LONDON — It wasn't love. It could have been adventure. Or maybe she just got lost. It remains a mystery why a female humpback whale swam thousands of miles from the reefs of Brazil to the African island of Madagascar, which researchers believe is the longest single trip ever undertaken by a mammal -- humans excluded.
While humpbacks normally migrate along a north-to-south axis to feed and mate, this one -- affectionately called AHWC No. 1363 -- made the unusual decision to check out a new continent thousands of miles to the east.
...Stevick laid out the details of the whale's trip on Wednesday in the Royal Society's Biology Letters, calculating that, at a minimum, the whale must have traveled about 6,200 miles to get from Brazil to Madagascar, off the coast of east Africa.
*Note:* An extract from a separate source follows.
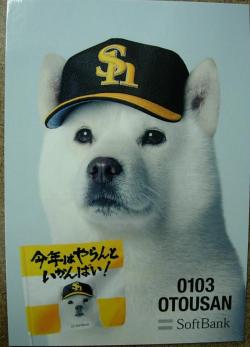 タイトルだけ見ると、なんだか暗証番号みたいですが(笑)、ホークスのマスコット、お父さん(白戸次郎)こと、カイ君です。お父さんの背番号は「0103」。0(お)10(とう)3(さん)、のゴロがそのまま背番号になっています。以前の日記でご紹介した際には、お父さんの配布カードは4枚とお知らせしたのですが、新たに1枚見つかりました。それがこちら↓ちなみに前回ご紹介した1枚はこちら↓2枚並べると、こんな感じです↓向いている角度がちょっと違います(笑)今シーズンの開幕戦は3月25日。あと1か月とちょっとです。お父さんがどんな形でヤフードームに登場するのか、いまから興味津々です。

"No other mammal has been seen to move between two places that are further apart," said Stevick, who works at the Maine-based College of the Atlantic. And while he said "the distance alone would make it exceptional no matter where it had gone," there was an added element of interest.
Humpbacks are careful commuters, taking the same trip from cold waters where they hunt plankton, fish and krill to warm waters where they mingle and mate "year after year after year," he said. The location of their feeding and breeding spots sometimes varies, but their transoceanic commute doesn't usually change much.
Swapping a breeding ground in Brazil for one in Madagascar was previously unheard of.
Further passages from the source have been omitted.